Bilinmelidir ki dini hakkıyla yaşamak için uydurma rivayetlere/ibadetlere gerek yoktur. Daha çok ibadet etmek isteyen kişinin önünde hiçbir engel yoktur. Örneğin farz namazların öncesindeki ve sonrasındaki sünnetler, akşam namazından sonra eda edilen evvabin, güneş doğduktan sonra kılınan işrak/duha gibi namazlar, sahih rivayetlerle bize intikal eden nafilelerdir. Peygamberimizin terk etmediği teheccüd namazını da unutmamak gerekir. Herkesin uykuda olduğu bir vakitte kulun Yüce Allah’ın huzurunda durup hâlini O’na arz etmesinden daha güzel ne olabilir? Elbette sahih hadislerle sabit olan bu nafile namazlardan daha fazlasını da yapmak isteyebilir insan. Namaz kılıp Allah’ın huzurunda durmaktan zevk alan bir kul, günün 24 saatinde -kerahet vakitleri hariç- istediği kadar nafile namaz kılabilir. Üzüntü, sevinç, varlık, darlık, korku vb. hâllerde kulun namaza durup Rabbi ile buluşmasından daha doğal bir şey olabilir mi? Ancak Hz. Peygamber’in sünnetinde yer alan namazlarla yetinmeyip yeni namazlar icat etmek, dinde olmayan şeyi dine dâhil etmek olduğundan bidattir. Örnek vermek gerekirse Hz. Peygamber’in recep ve şaban ayına mahsus kıldığı ve yapılmasını tavsiye ettiği özel bir nafile ibadet yoktur. Bela ve musibetlerin gelmemesi için safer ayına mahsus bir namaz yoktur. Kabir nur, kefaret-i bevl gibi namazların hiçbirisinin sünnette karşılığı yoktur. Unutulmamalıdır ki bu ve buna benzer bidat türünden ameller, dinin asıllarının (yavaş yavaş) ortadan kalkmasına, bidat ve hurafelerle yer değiştirmesine veya ihmal edilmesine yol açabilir.

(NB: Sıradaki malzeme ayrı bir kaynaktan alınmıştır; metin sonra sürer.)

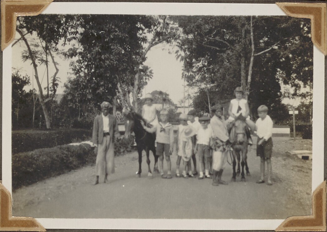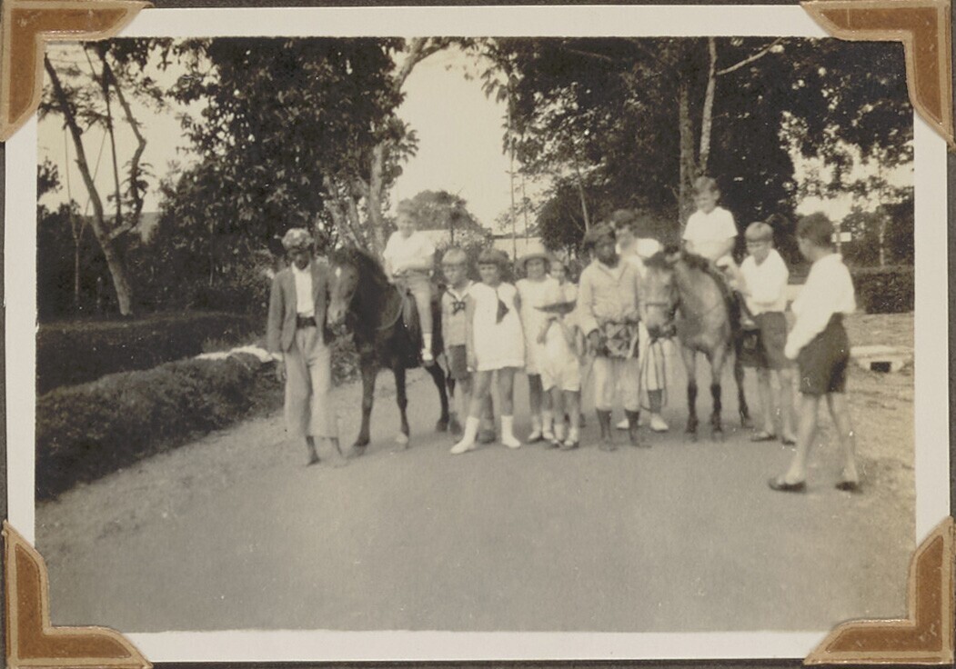 Groepsportret van jongens en meisjes met twee paarden

Oruç için de aynı hususlar geçerlidir. Daha fazla nafile oruç tutmak isteyen için sahih hadislerle bildirilen pek çok nafile oruç çeşidi vardır. Ramazanın hemen peşinden gelen şevval ayında altı gün, her hafta pazartesi ve perşembe, her kamerî ayın 13, 14 ve 15. günlerinde dileyenler oruç tutabilirler. Daha fazla tutmak isteyen her kamerî ayın başı, ortası ve sonunu da üç gün oruçlu geçirebilir. Ayrıca aşure gününde iki gün, zilhiccenin başından itibaren dokuz gün oruç tutulabilir. “Bunlar yetmiyor, ben daha fazla tutmak istiyorum.” diyenler için de Hz. Peygamber (s.a.s.) bir gün tutup bir gün tutmama şeklinde Hz. Davut’un orucunu tavsiye etmiştir. (Buhari, İstizan, 38.)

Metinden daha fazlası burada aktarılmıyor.